*Exercise*
The full listing, copied exactly and free of pictures, is the expected reply.

*Input data*
____________

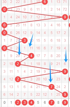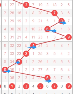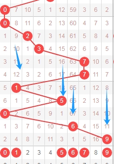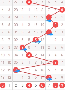 上图是体彩排列五从左到右定位第一位数字,我标注出来的蓝色小箭头是遗漏周期,根据这些遗漏周期来分析的话,第一位数字可以关注出遗漏周期小的数字23479,个人最看好数字2379。
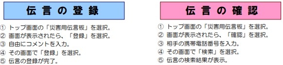 ※災害伝言ダイヤルは、毎月1日、15日等に体験利用することが出来ます。
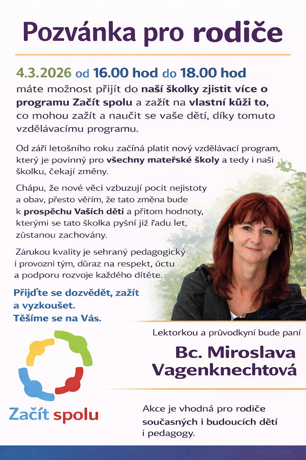 4.3.2026 od 16.00 hod do 18.00 hod navštíví naši školku paní Mg. Miroslava Vagenknechtová a ochutnávkou vzdělávání podle principů programu Začít spolu. Přijďte se dozvědět, co je to program Začít spolu, jaké přináší výhody, jaká jsou možná úskalí a hlavně vyzkoušejte jak se v programu pracuje. Program je vhodný pro rodiče současným i budoucích dětí a pro pedagogy.
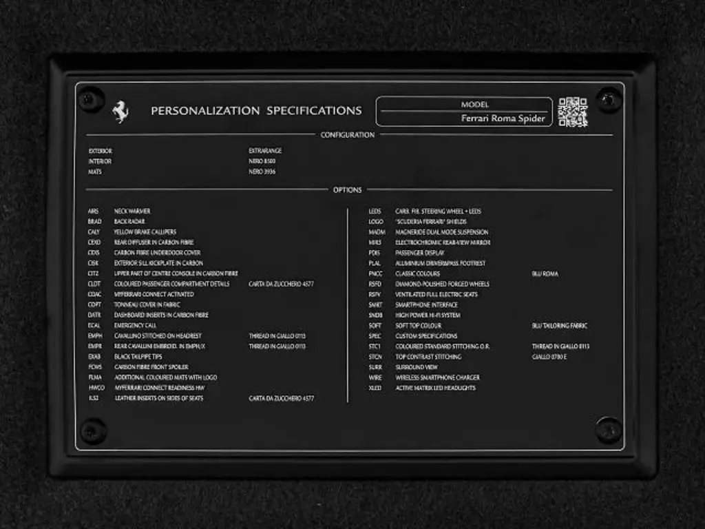 Voertuiggegevens van deze Ferrari Roma

____________

*Output for this exercise*
 上图是体彩排列五从左到右定位第一位数字,我标注出来的蓝色小箭头是遗漏周期,根据这些遗漏周期来分析的话,第一位数字可以关注出遗漏周期小的数字23479,个人最看好数字2379。
 ※災害伝言ダイヤルは、毎月1日、15日等に体験利用することが出来ます。
 4.3.2026 od 16.00 hod do 18.00 hod navštíví naši školku paní Mg. Miroslava Vagenknechtová a ochutnávkou vzdělávání podle principů programu Začít spolu. Přijďte se dozvědět, co je to program Začít spolu, jaké přináší výhody, jaká jsou možná úskalí a hlavně vyzkoušejte jak se v programu pracuje. Program je vhodný pro rodiče současným i budoucích dětí a pro pedagogy.
 Voertuiggegevens van deze Ferrari Roma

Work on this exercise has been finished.